Still sporting the wounds of her break-up with Lawrence (Jay Ellis), Issa Dee (Issa Rae), whose mother “helpfully” texts her Bible verses with no personal context of any kind, as if someone had handed God a mobile phone and said “have at it”, feels, she admits to bestie Molly (Yvonne Orji), who is successful in career but not love, that she often feels like a “fuck-up”.
We’ve all been there, shouldering good old Imposter Syndrome like it’s some kind of existential deadweight, but for Issa, the one friend out of four which includes Molly, accountant and exuberant wild child of sorts Kelli (Natasha Rothwell, who writes for the show and co-produces) and happily married and pregnant Tiffany (Amanda Seales), the first of the friends to take the next big step in life, who isn’t seeming to take great strides towards a glow up, it feels like a permanent anchoring state of existence.
She is, of course, trying to do everything she can to get ahead, but whereas Molly is playing it hard at her new law firm (a successful tactic but one which results in her socially isolating herself) looks like she’s nailing this whole life thing every time, Issa is struggling to find her groove, to find that part of her that feels like it really matters.
In season 3, she quits her long-time job at “We Got Y’all”, a non-profit working with kids of disadvantaged areas, sick of being the token black woman in an organisation staffed largely by well-meaning white people, starts driving for Lyft, and takes on a supposedly part-time job as a building complex supervisor which isn’t a disaster but not exactly an exact fit for her creatively-ambitious skill set.
As a black woman who’s about to turn 30, which she does in one episode where Molly plans the perfect birthday outing, Issa feels the weight of expectation bearing down upon her, surrounded by successful members of her community who are seizing the American Dream and making it work.
Appearances can be deceiving, of course, and while Issa feels like the fuck-up of the group, the reality is that no one is knocking it out of the park.
They’re not floundering either, but as an unexpectedly wild and loose weekend at Coachella reveals, soaked in the drug Molly (yep Molly does Molly, something the character in question finds hilarious, multiple times), no one has a stranglehold on the perfect life.
Desperately trying to get on the partner track at her law firm, Molly’s only great romantic engagement of the year is with married friend ‘Dro’ Peña (Sarunas J. Jackson) who’s in an open marriage but obviously isn’t about to leave his wife, and she spends much of the season flailing, able to afford blueberry facials for her dog but feeling like she’s not succeeding at work or in life.
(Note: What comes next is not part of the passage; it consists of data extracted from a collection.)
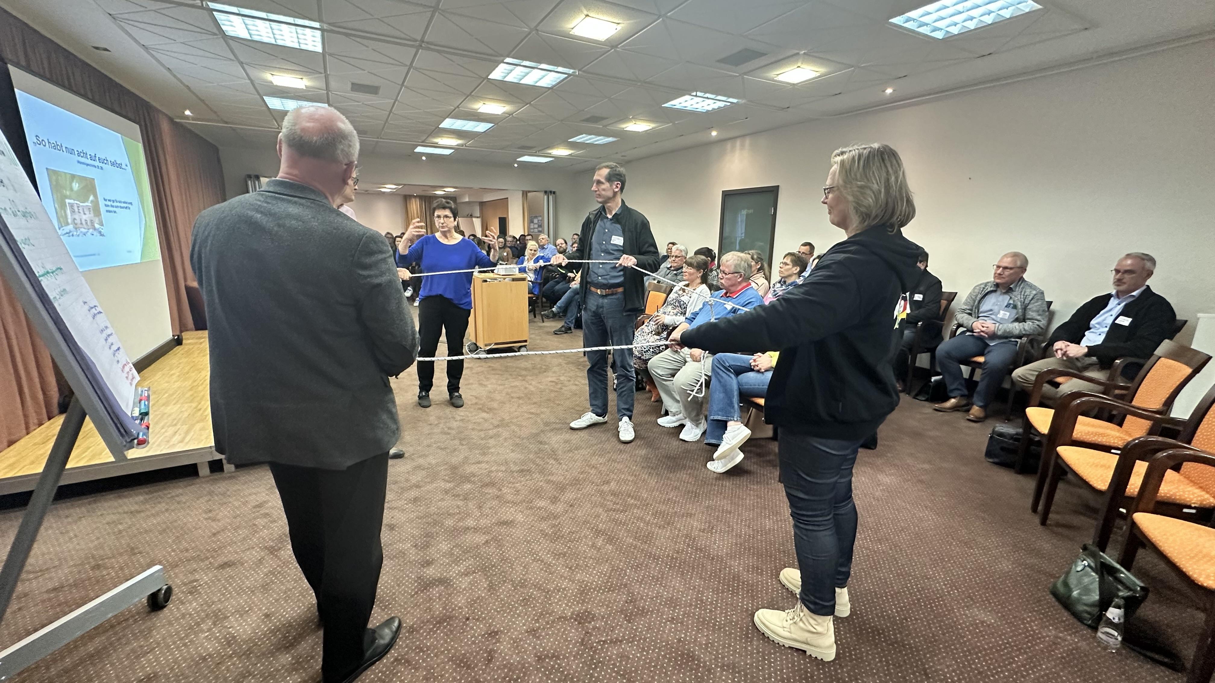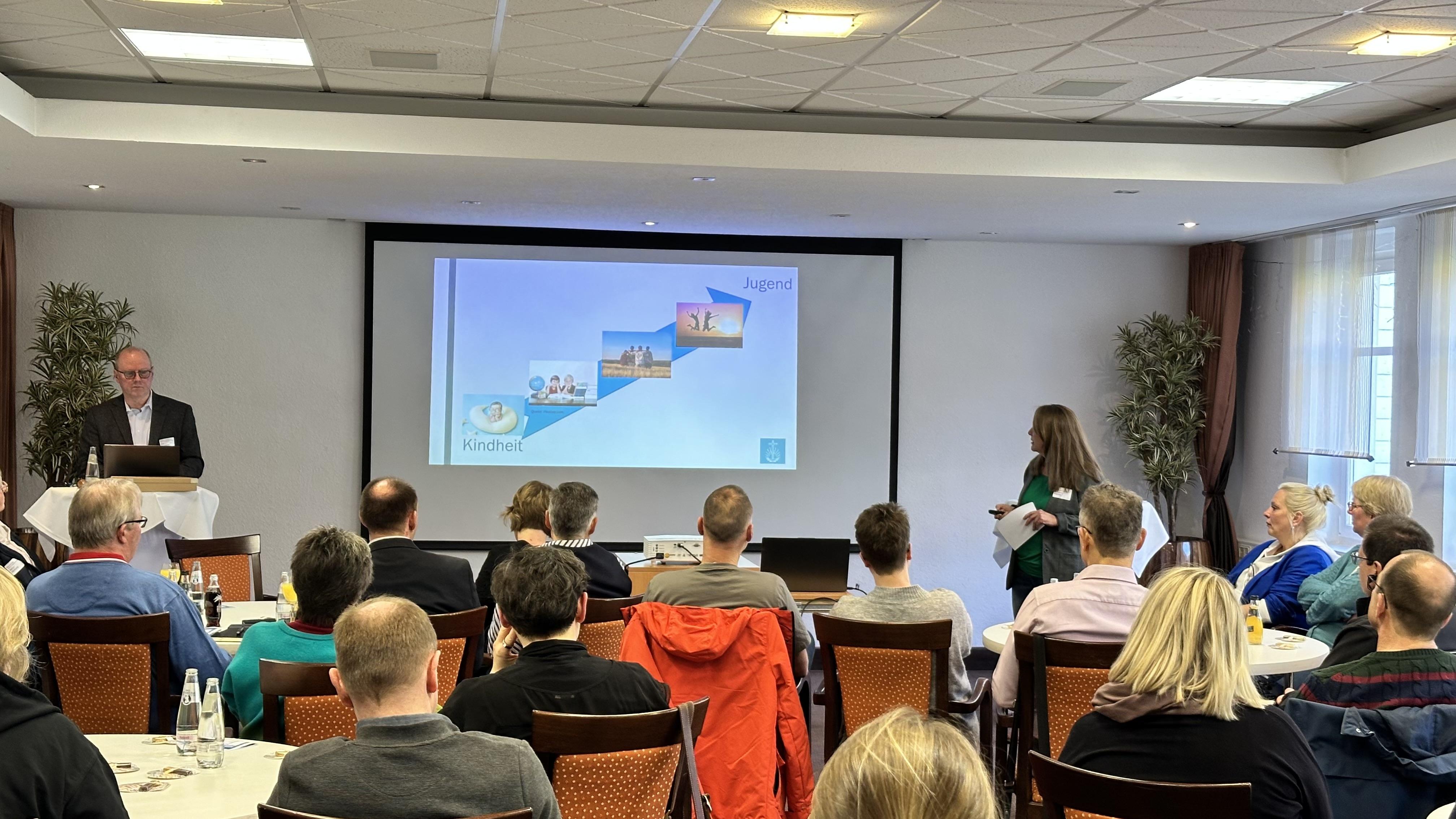 Im letzten Modul des Tages gab Kommunikationstrainerin Bärbel Irtmann den Lehrkräften rhetorische und systemische Hilfe an die Hand und stellte einen „Erste-Hilfe-Koffer“ für Ehrenamtliche vor. Sie lud ein, zu reflektieren „Wie weit geht meine Verantwortung im Ehrenamt?“ und gab Hinweise zu Stolpersteinen in der Kommunikation sowie dem Einsatz von Körpersprache und Mimik. Den Abschluss bildete ein Podiumsgespräch mit Bezirksapostelhelfer Helge Mutschler.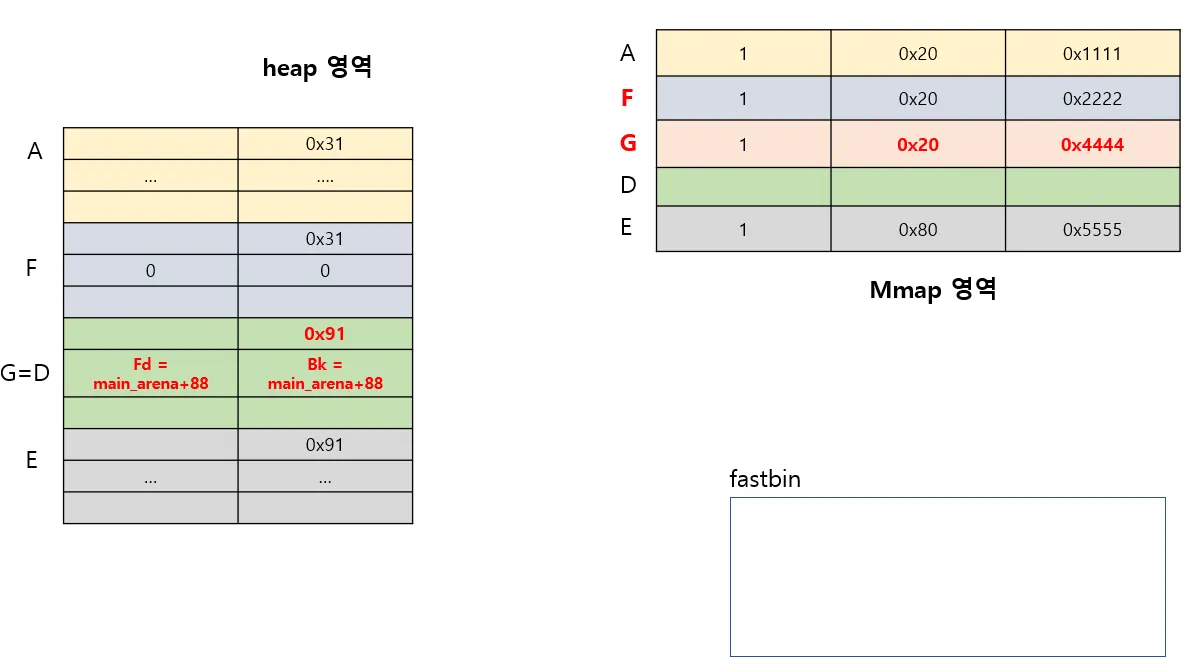 D청크를 free 시켰기 떄문에 fd에 main_arena+88값이 들어갔다. 하지만 G청크도 사실 동일한 주소를 가리키고 있기때문에, D를 Dump() 호출로 확인해보면, fd값을 leak할 수 있다.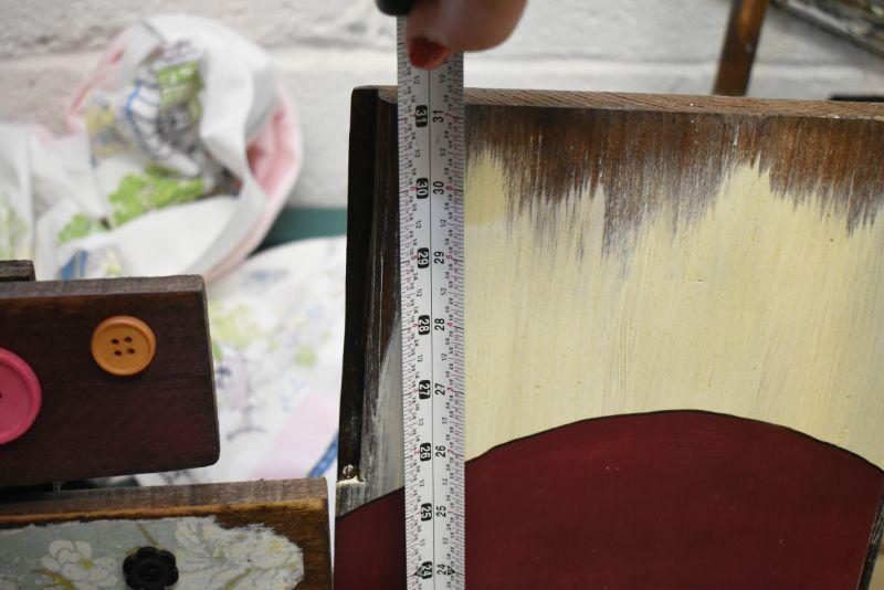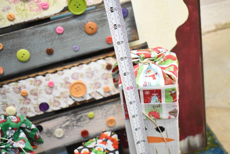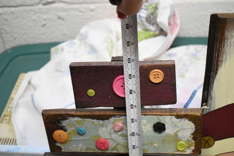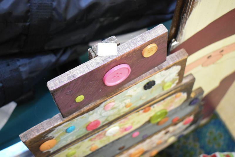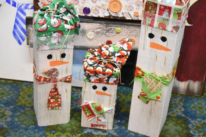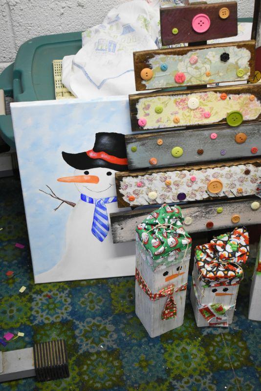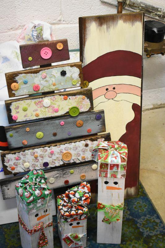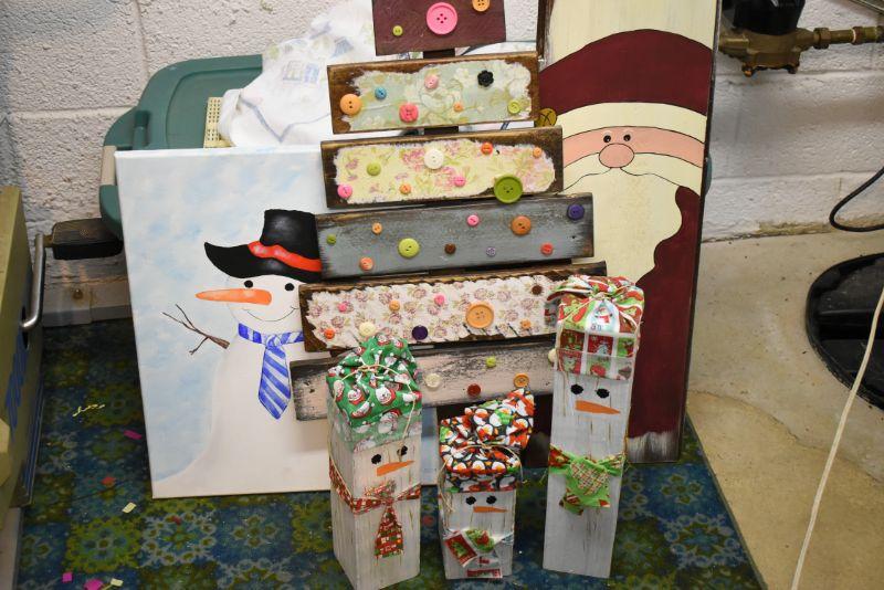 Handcrafted tree with buttons, snowman painting on canvas, Santa painted on wood, and 3 snowman made of wood. Bring help to move. Located in basement that has narrow, steep, cement steps, and a sharp turn to right at bottom.
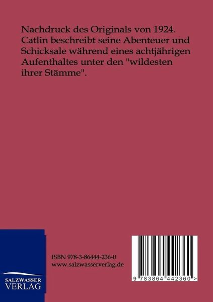 Nachdruck des Originals von 1924. Catlin beschreibt seine Abenteuer und Schicksale während eines achtjährigen Aufenthaltes unter den "wildesten ihrer Stämme".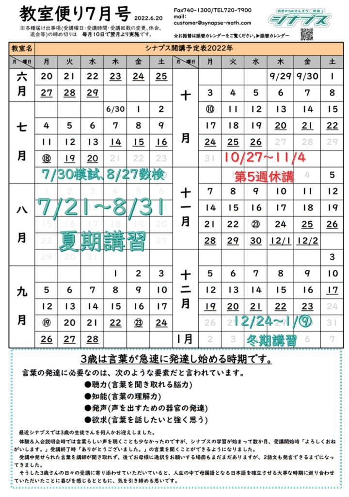 教室便り7月号を拡大して見る、PDFダウンロードはこちらをタップ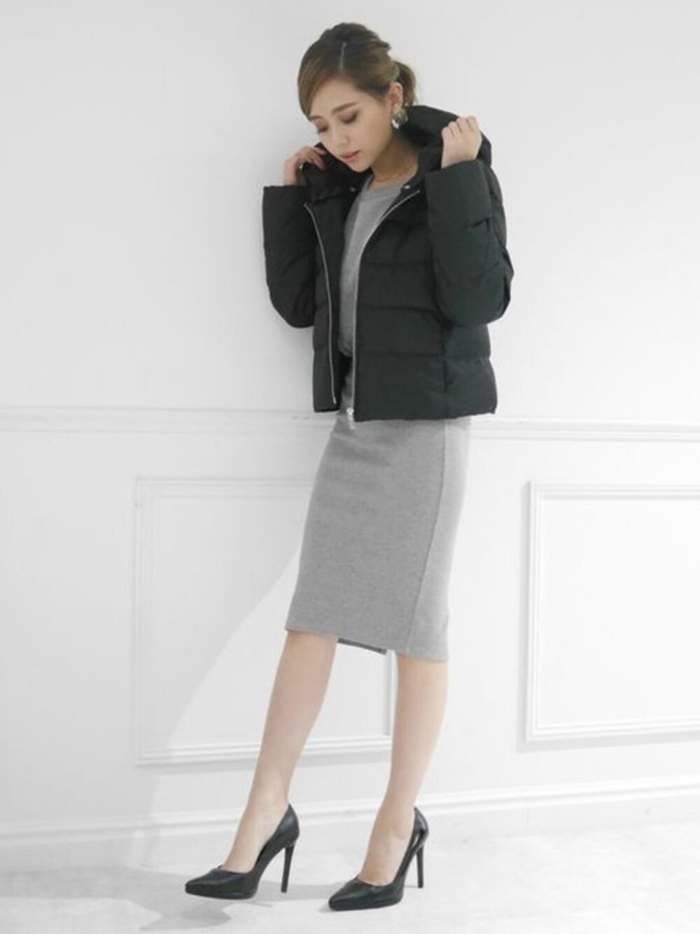 ダウン×裏毛素材のワンピースでも、シルエットにこだわれば女性らしく着こなせます♡ STAFF:isana Instagram :@isana_yamamoto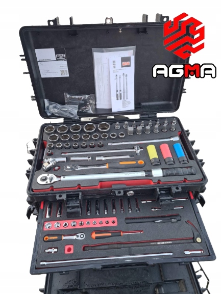 1. ЯЩИК (крышка): Наконечники торцевых ключей 1/2 дюйма, шестигранные, размеры ключей 8, 9, 10, 11, 12, 13, 14, 15, 16, 17, 18, 19, 21, 22, 24. 27, 28, 30, 32, 34, 36 мм и шестигранные биты 1/2 дюйма 8, 10, 12, 14, 17, 19 мм и биты-шестигранники 1/2 дюйма TX-25, TX-27 , TX-30, TX-40, TX-45, TX-50, TX-55, TX-60 И рукоятка с храповым механизмом с рычагом изменения направления 1/2 дюйма. Узкая трещотка с 80 зубьями и крестообразная рукоятка 1/2", 283 мм, глянцевая, удлинитель 1/2". 125 мм I удлинитель 1/2", 250 мм I переходник с 1/2" на 3/8", 37 мм I карданный шарнир 1/2", 72 мм I механический динамометрический ключ для измерений в диапазоне 40-200 Нм I торцевой ключ ударный инструмент 1/2"-17, 19, 21 мм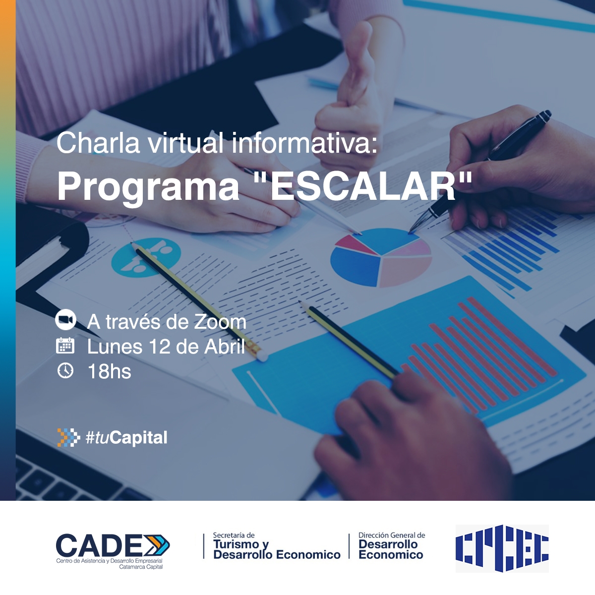 La charla está a cargo del equipo técnico del Centro de Asistencia y Desarrollo Empresarial de la Dirección General de Desarrollo Económico de la Municipalidad Catamarca Capital. El enlace se enviará el día de la charla, a través del Consejo Profesional de Ciencias Económicas.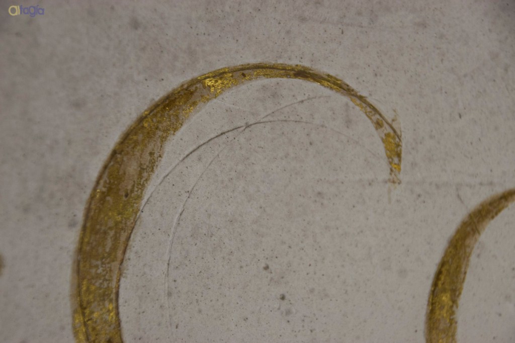 La inscripción está pintada sobre ese último enlucido, sirviendo el blanco de yeso como fondo de la leyenda. El oro no evidencia ningún tipo de preparación, como si pueden tener otros motivos lineales de la capilla.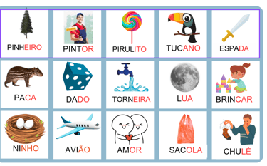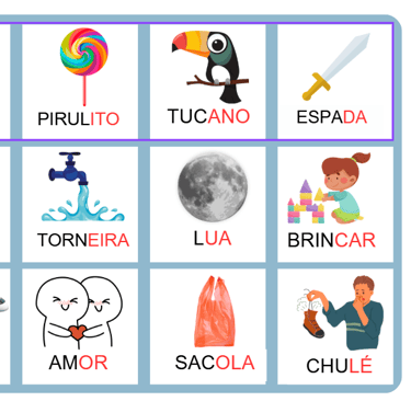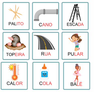 • Palavras simples no formato CV (consoante + vogal), ideal para quem está iniciando a leitura.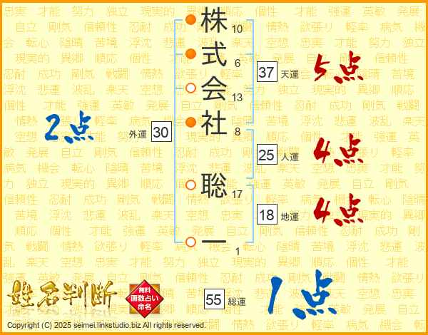 株式会社聡一さんの人運は25画の4点!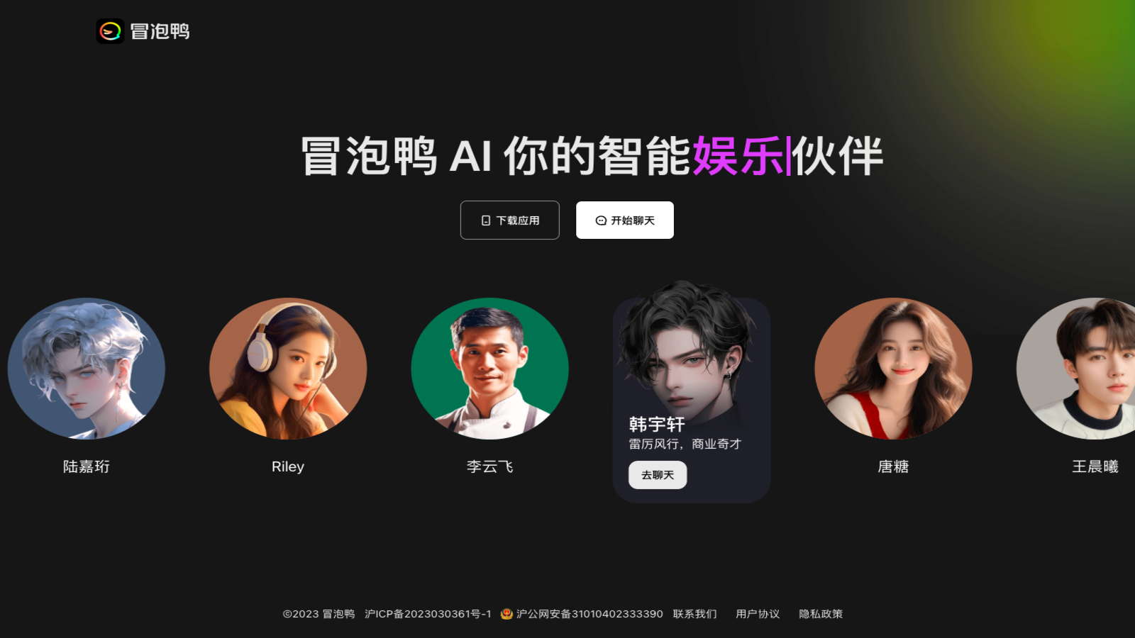 冒泡鸭是阶跃星辰推出的一款AI驱动的开放世界平台,专注于提供休闲娱乐体验。这个平台拥有一个由大量智能体构成的互动环境,用户可以在这里体验到各种引人入胜的对话和剧情互动游戏。在冒泡鸭创造的虚拟世界中,用户可以沉浸在由先进的多模态大模型所驱动的丰富内容之中。平台不仅提供了多样化的剧情和角色设定,还鼓励用户发挥创造力,自行探索和创造。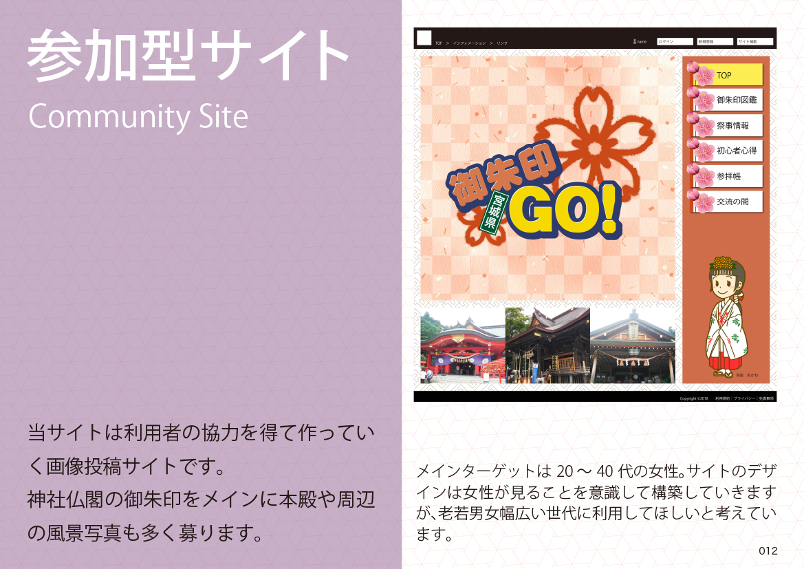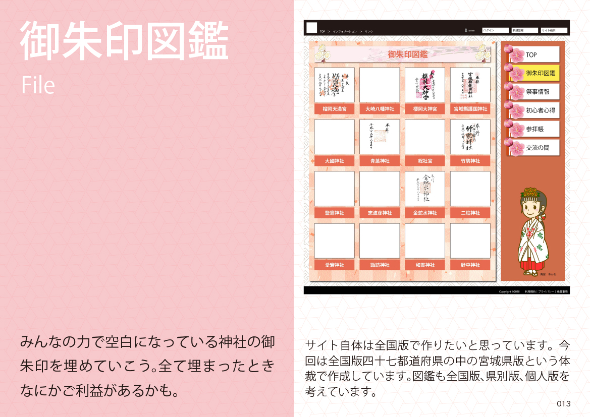 このサイトを全国版で作るか、または都道府県ごとに作るか考えなきゃないことはたくさんあります。実際に作ろうと思ったら膨大な情報量になるだろうと思います。そのためには人では必要ですし、神社とのご理解も得なければなりませんし、企業との連携も必要だとは思います。

She’s getting somewhere but she’s not sure where, a sensation matched by Issa who meets the luminously-eyed Nathan (Kendrick Sampson) on a Lyft ride one day, a kismet of meetings that arrives just as she’s decided that on/off again potential lover and boyfriend and old school friend Daniel (Y’lan Noel), and the man on whose couch she is crashing when the season begins, is not someone worth pursuing.
At that unenviable place where nothing concrete is emerging and all the irons in the fire such as launching a career as an events organiser by staging a celebration of local music in her home neighbourhood of Inglewood are really glowing hot as she would have liked, Issa begins to feel like every step is a huge misstep.
That’s not wholly correct of course but then people are generally not very good at separating fact and perception, and Issa is no exception, with season 3 ending with a penitent Nathan wanting to fix their nascent relationship up, and a fellow black events entrepreneur helping to mentor her (but who’s she dating? Uh-oh, awkward) but Issa feeling like the only achievement is finally unpacking all her boxes and getting her apartment finally sorted.
While Insecure shines an illuminating light on black professional life in modern L.A., celebrating its life, culture, good and bad points in the process, it also embraces the universality of human experience to such an extent that season 3 saw the show go from fan favourite to Twitter-phenom, one of those shows that would, in the old days, be described as a “water cooler show”.
It is, however you slice it, a very funny, literate, clever and heartfelt show that reflects contemporary American black culture, and the hopes and aspirations of its community, offering up as it does so, characters that you want to spend time, situations that feel real and relatable, and a sense that life, done well, is a glow up of epic proportions, even if it is not visible to us as we’re going through it.
Quite what season 4 has in store is anybody’s guess, but suffice to say, the glow up, Issa Rae promised via Twitter, is continuing apace, with the season 3 finale leaving us in no doubt that while we may not always feel like life is going places in fabulous heels, it is often doing better than we realise and maybe all we need to do is open our eyes.
Hard to do, it’s true, but if anyone can do it, Issa can.